How many images for each label:
class
person    6532
Name: count, dtype: int64

Distribution of bbox for image:
There are 305 images with 1 bbox
There are 649 images with 2 bbox
There are 355 images with 3 bbox
There are 197 images with 4 bbox
There are 141 images with 5 bbox
There are 136 images with 6 bbox
There are 95 images with 7 bbox
There are 37 images with 8 bbox
There are 66 images with 9 bbox

Images with at least one label (bounding box): 1981
Total images: 1977
Images without any label: 0
The images without any label are: set()


Finally, for the future merge, we want to unify all classes to 'person':

In [None]:
def unify_sard_classes_to_person(folder_path, new_class="person"):
  """
  Update all classes (<name>) in SARD XML files to 'person'.

  Args:
    folder_path (str): Folder containing XML files.
    new_class (str): Class name to be set (default: 'person').

  Riturns:
    int: Number of updated XML files.
  """
  updated_files = 0

  for file in os.listdir(folder_path):
    if file.endswith('.xml'):
      xml_path = os.path.join(folder_path, file)

      try:
        tree = ET.parse(xml_path)
        root = tree.getroot()

        modified = False
        for obj in root.findall('object'):
          name_tag = obj.find('name')
          if name_tag is not None and name_tag.text != new_class:
            name_tag.text = new_class
            modified = True

        if modified:
          tree.write(xml_path)
          updated_files += 1

      except ET.ParseError:
        print(f"Error in the parsing of: {file}")

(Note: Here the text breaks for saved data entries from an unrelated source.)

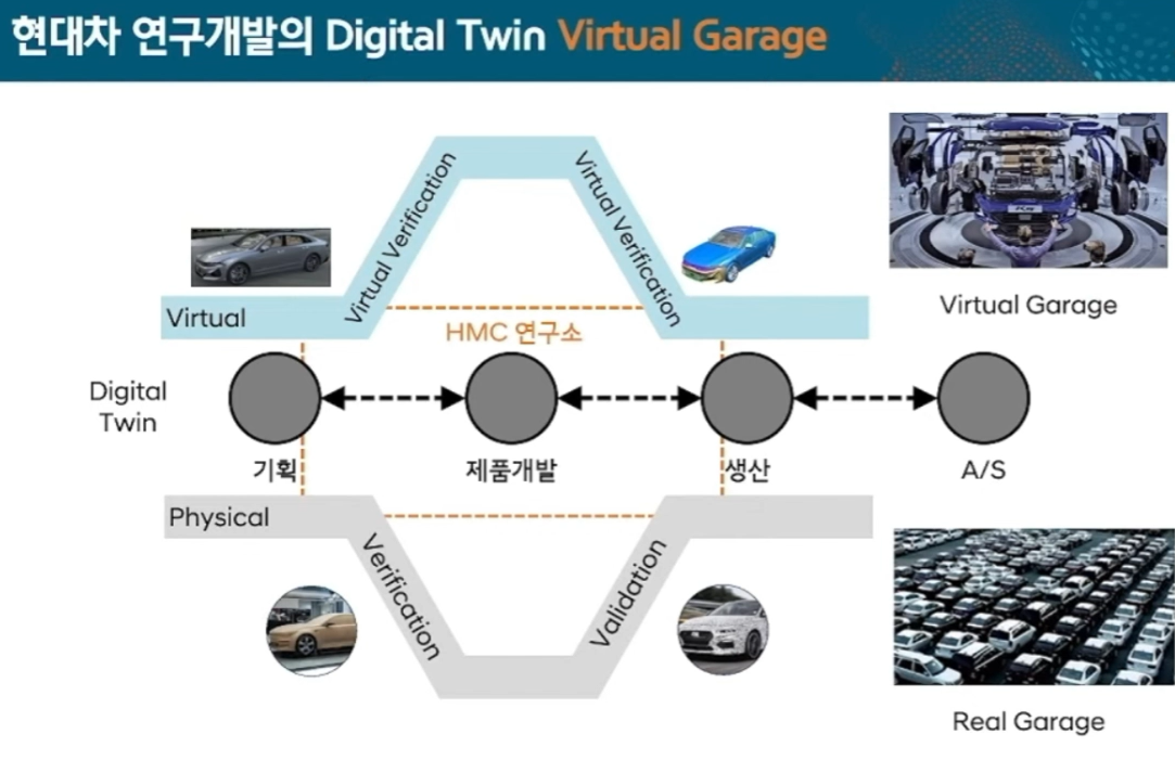 이런 디지털 트윈을 연구개발 영역에 적용하기 위해 현대자동차가 만든 시스템이 ‘버추얼 개러지’인데요. 시뮬레이션 모델이나 가상 차량 모델을 버추얼 개러지 한 곳에 저장하고, 연구원은 여기에서 연구에 필요한 최적의 가상 모델을 선택해 사용할 수 있다고 합니다.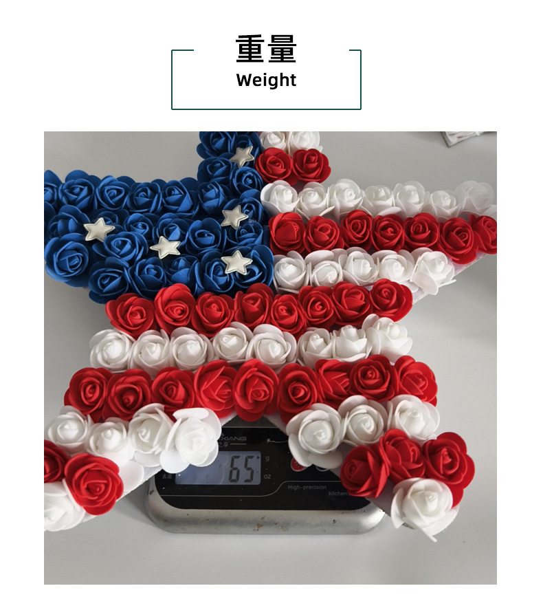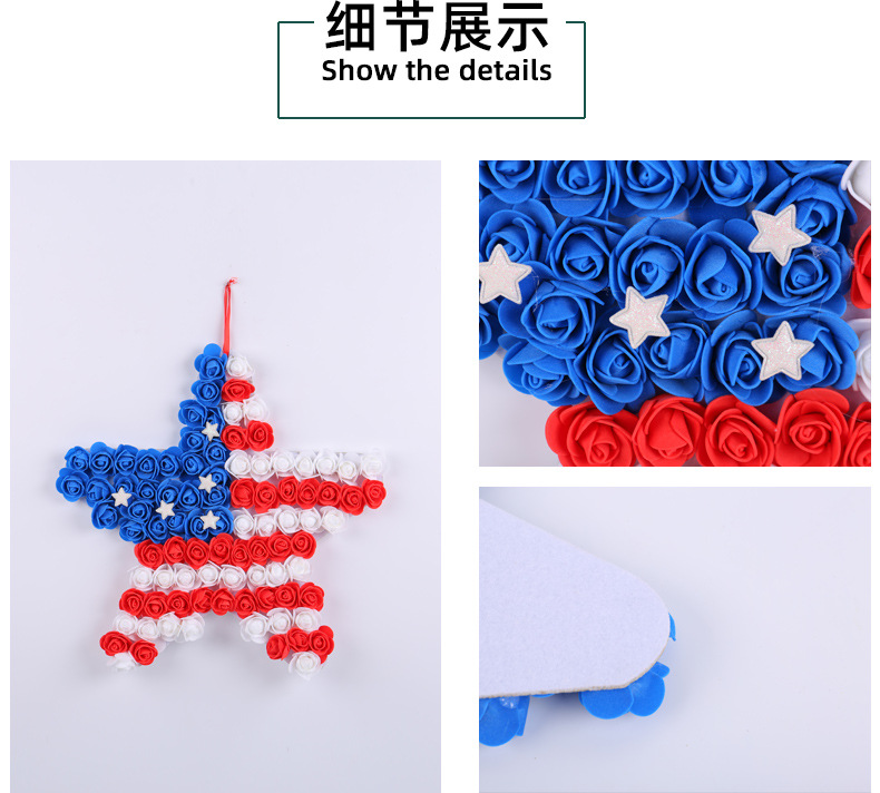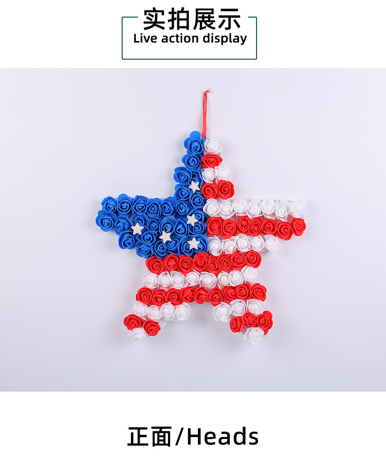 跨境美国独立日pu花五角星门挂 仿真红蓝白花环节庆庭院派对壁挂 投诉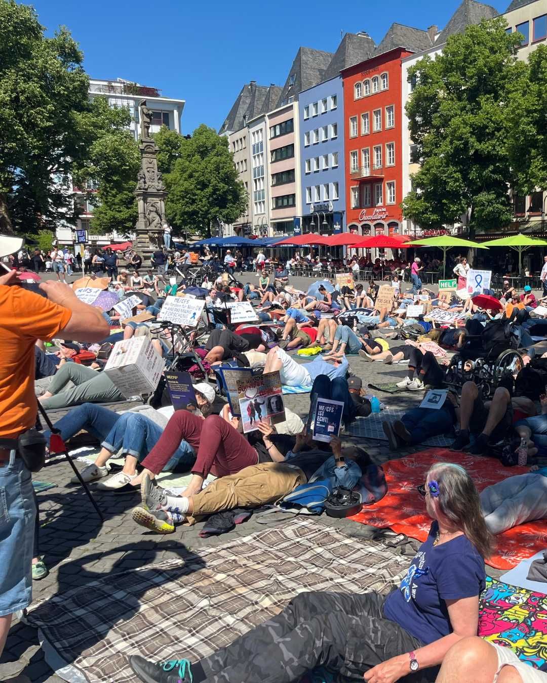 Sie heißt Liegenddemo, weil viele Teilnehmerinnen auf Isomatten liegen – stellvertretend für die schwer Erkrankten, die ihr Bett kaum oder gar nicht mehr verlassen können. Vor Ort waren sowohl Betroffene wie ich als auch Angehörige und Freundinnen. Die Polizei sprach von über 400 Teilnehmer*innen!

  print(f"Updated {updated_files} XML files.")
  return updated_files # number of updated files

In [None]:
folder_path_sard = "/content/drive/MyDrive/projectUPV/datasets/SARD_dataset/SARD"
unify_sard_classes_to_person(folder_path_sard)

Updated 1977 XML files.


1977

And now let's see if it really went well:

In [None]:
def count_xml_with_non_person_classes(folder_path):
  """
  Count how many XML files contain at least one class other than 'person'.

  Args:
    folder_path (str): path to folder with XML files

  Returns:
    int: Number of XML files that contain at least one non 'person' class
    list: list of the names of these files
  """
  non_person_files = []

  for file in os.listdir(folder_path):
    if file.endswith(".xml"):
      file_path = os.path.join(folder_path, file)
      try:
        tree = ET.parse(file_path)
        root = tree.getroot()

        # Checks all objects in the file
        found_non_person = False
        for obj in root.findall("object"):
          name_tag = obj.find("name")
          if name_tag is not None and name_tag.text.strip().lower() != "person":
            found_non_person = True

        if found_non_person:
          non_person_files.append(file)

      except ET.ParseError:
        print(f"Error in the parsing of: {file}")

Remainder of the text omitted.